Several industry lobby groups have rejected a policy suggestion that would allow young Australians to access their superannuation to purchase their first home.
In a statement yesterday, the Financial Services Council said it was “deeply concerned” that the government has not ruled out this suggestion.
FSC chief executive Sally Loane said the proposal would only further increase house prices.
“Withdrawing superannuation savings to buy a house – especially when house prices appear to be at the high end of the cycle in the major states – will not help first home buyers into the market.
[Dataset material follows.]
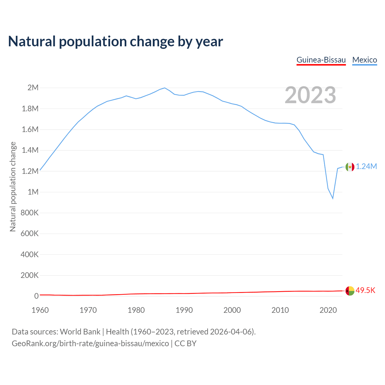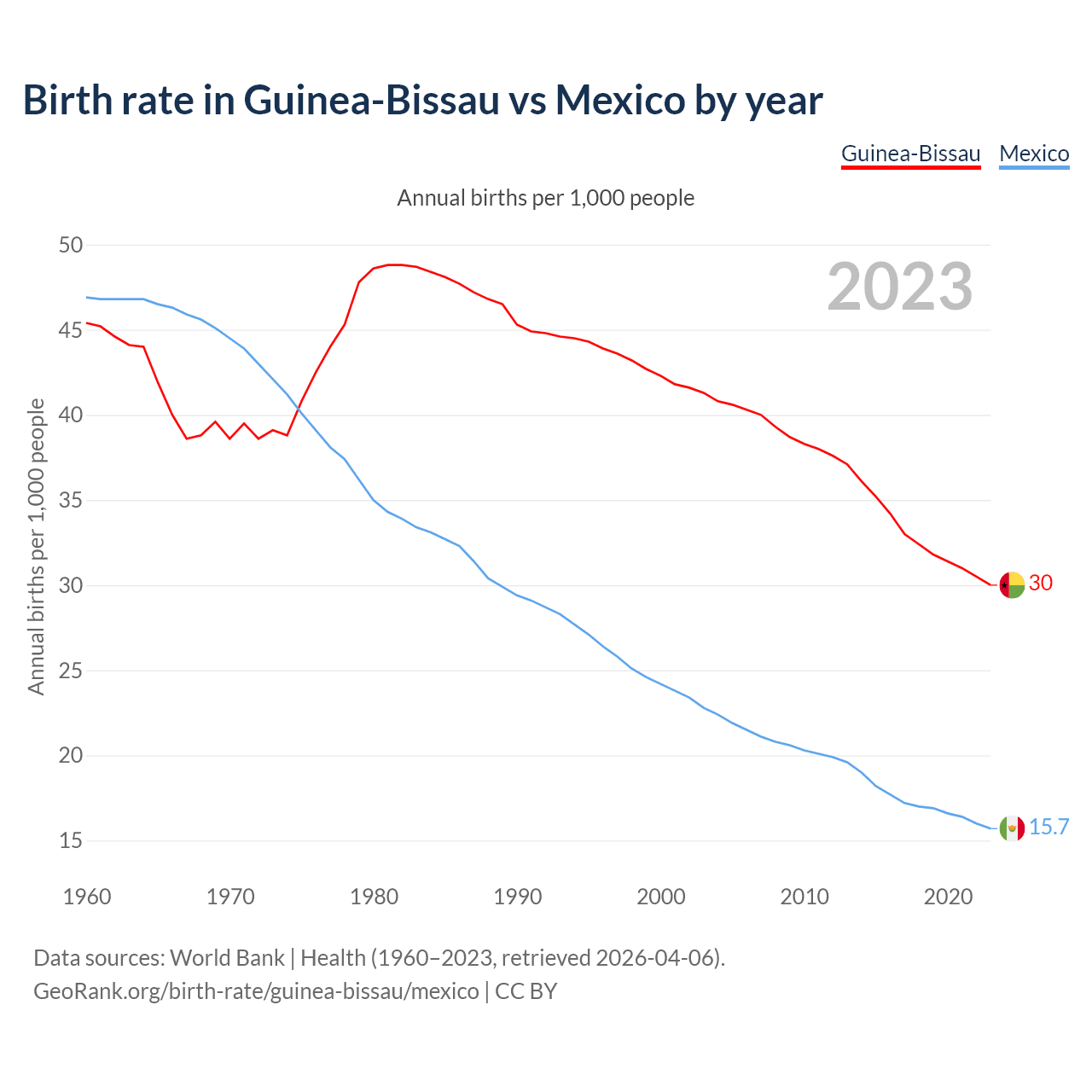 Guinea-Bissau has an annual birth rate of 30 births per 1,000 people, compared to 15.7 for Mexico. The average number of children a woman is expected to have during her lifetime — the fertility rate, is 3.84 in Guinea-Bissau and 1.91 in Mexico — 50.2% difference.

It will only further fuel the increase on house prices,” she said.
“We do not support diluting people’s retirement nest eggs to solve a housing affordability problem.”
Andrea Slattery, chief executive and managing director of the SMSF Association, also called the suggestion “bad public policy”.
“Although it is tempting to view superannuation savings as a tool for fixing policy problems, it is essential that superannuation is maintained to meet its sole policy purpose – to give people security and dignity in retirement,” she said.
“Making superannuation available to housing would be akin to opening Pandora’s box; super would be seen as a cure-all for every social issue.
“The proposal to allow people to access super to fund housing purchases would only see greater demand for housing stock, driving prices higher, achieving the exact opposite of what proponents of this proposal seek to achieve.”
Meanwhile, Industry Super Australia chief economist Stephen Anthony suggested the focus should be on “land release regulation and tax subsidies that fuel investment in existing property rather than new buildings”.
“This proposal could reduce retirement savings and drive up housing prices while doing nothing to address supply,” he said.